Raven Abaroa agrees to plead guilty to voluntary manslaughter

DURHAM

While accepting the plea, Abaroa continued to maintain his innocence - saying he felt he didn't get a fair trial when a jury deadlocked on a verdict last year, and he doesn't believe he'd get a fair trial in a second go around.

"I did not kill my wife," he told judge.

Abaroa said he was only agreeing to the guilty plea to avoid a possible life sentence if convicted of first-degree murder.

"I don't think it's worth spending the rest of my life in prison for something I didn't do," he said.

Abaroa entered an Alford Plea.  By legal definition, he does not admit guilt, but agrees prosecutors likely have enough evidence to get a conviction. His sentence is for 95 to 123 months in prison. Considering he's been in jail since his 2010 arrest, he'll serve between 4 to 6 more years behind bars.

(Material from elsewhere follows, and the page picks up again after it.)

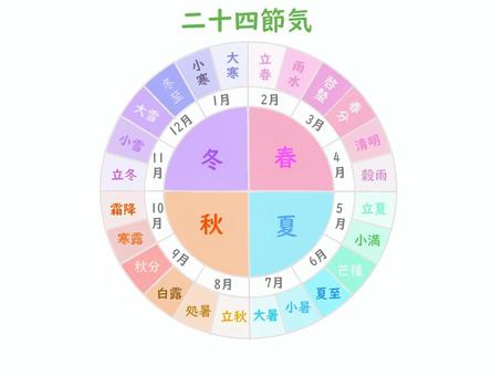1年を太陽の動きに基づき24等分し、それぞれに季節を表す名前をつけた暦の仕組み

At the sentencing hearing, Janet's father told the judge that she missed her first Mother's Day, seeing her son's first steps, being called mommy, and the life of her unborn child.

Her sister Erika Bakey called Janet a wonderful person.

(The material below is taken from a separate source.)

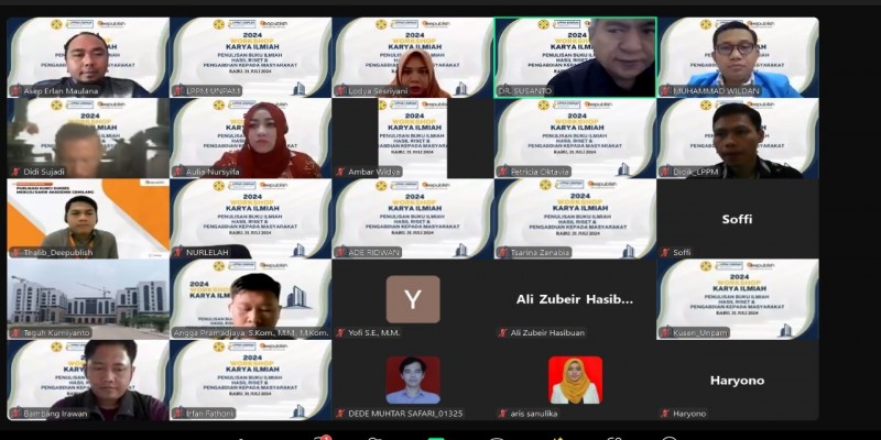 VISIONE - Lembaga Penelitian dan Pengabdian kepada Masyarakat (LPPM) Universitas Pamulang mengadakan kegiatan ilmiah yang bertajuk “Workshop Penulisan Buku Ilmiah Hasil Riset dan Pengabdian kepada Masyarakat (PkM)”. kegiatan dilaksanakan Pada hari Rabu, 31 Juli 2024 dan diselenggarakan secara daring melalui platform Zoom. Acara ini dihadiri oleh dosen, mahasiswa Universitas Pamulang, dan peserta umum. Acara ini bekerja sama dengan penerbit terkemuka Deepublish, yang berpusat di Yogyakarta,

"Why kill her? Why not get a divorce? Why not just leave her?" asked Bakey. "When you killed her, you took a part of me."

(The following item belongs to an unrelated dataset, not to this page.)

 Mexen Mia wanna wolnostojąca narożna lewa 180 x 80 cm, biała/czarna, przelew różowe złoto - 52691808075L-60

For years, Abaroa has maintained his innocence, denying he fatally stabbed 25-year-old Janet - who was pregnant - in their Durham home in April 2005.

In May 2013, a judge declared a mistrial in Abaroa's first trial when jurors couldn't reach a unanimous verdict. The jury of seven men and five women spent about 10 hours deliberating and were sent back to the jury room two times after first reporting they were deadlocked.

Prosecutors tried to paint Raven as a controlling husband who cheated on his wife and who wanted out of the marriage because of money problems.

Abaroa told police he was away at a soccer game when Janet was murdered and had nothing to do with it. The defense claimed police ignored important evidence that led to someone other than Raven as a suspect.

The jury was only considering a first-degree murder charge. There were no lesser options. If Abaroa was found guilty, he would have faced a mandatory life sentence. Prosecutors were not seeking the death penalty.